My own research and writing has been featured in or cited by the American Historical Association, the National Council for Public History, PBS, The Conversation, and the recent Gayle King CBS special “Tulsa: An American Tragedy,” among others. I am the creator of Visualizing the Red Summer, the most comprehensive archive and classroom resource on the Red Summer of 1919, now used on five continents and a featured resource of the National Archives, National History Day, National Council on Public History, and American Historical Association among others. I have also curated numerous museum exhibits nationwide, including “H is For Hayti” about the thriving Black community in Durham, North Carolina, largely destroyed during urban renewal. I am currently working on two veins of research, one exploring the origins of class field trips and experiential place-based education in America, and the other delving into the intellectual lives of hobos.

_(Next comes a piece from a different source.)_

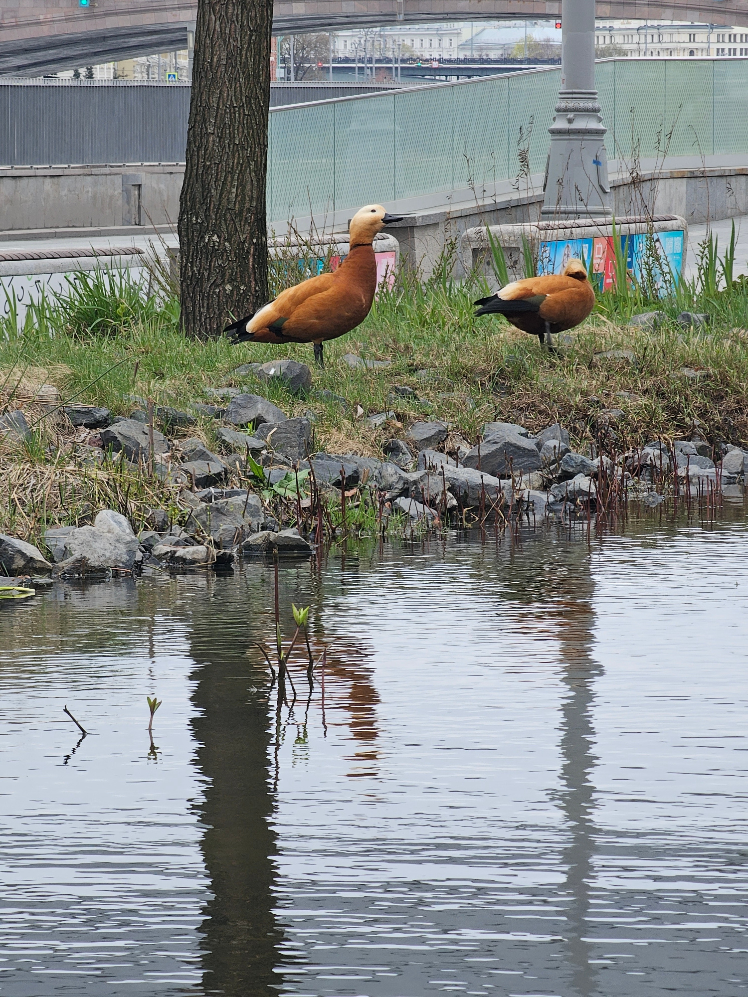 The image depicts two ruddy shelducks perched on a grassy embankment alongside a body of water, likely a river or pond, in an urban setting. The embankment is lined with rocks. The body of water refle…read more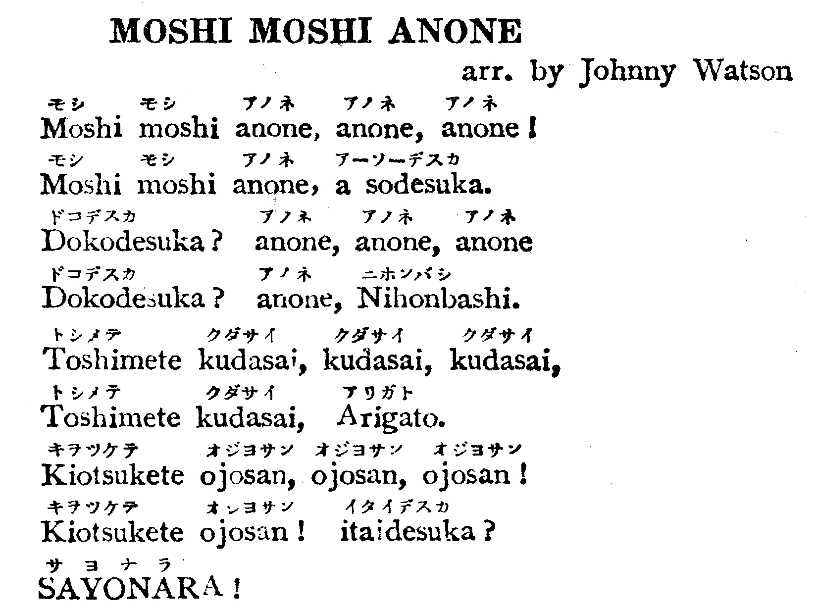 Moshi Moshi Anone The image above is part of the sheet which accompanies this 78 record. To download the full sheet, click here.

In my current role at the McGillicuddy Humanities Center, I advise, support, and celebrate the research of students and faculty working across the humanities and arts, and help scholars form interdisciplinary partnerships. I also work in grant making and grant writing to allow other scholars’ big ideas to come to fruition, and produce dozens of MHC events annually. I additionally hold a second appointment in outreach and research for the Theodore Roosevelt Center and Digital Library connecting the public with archival resources through social media, blogs, and digital exhibits/visualizations.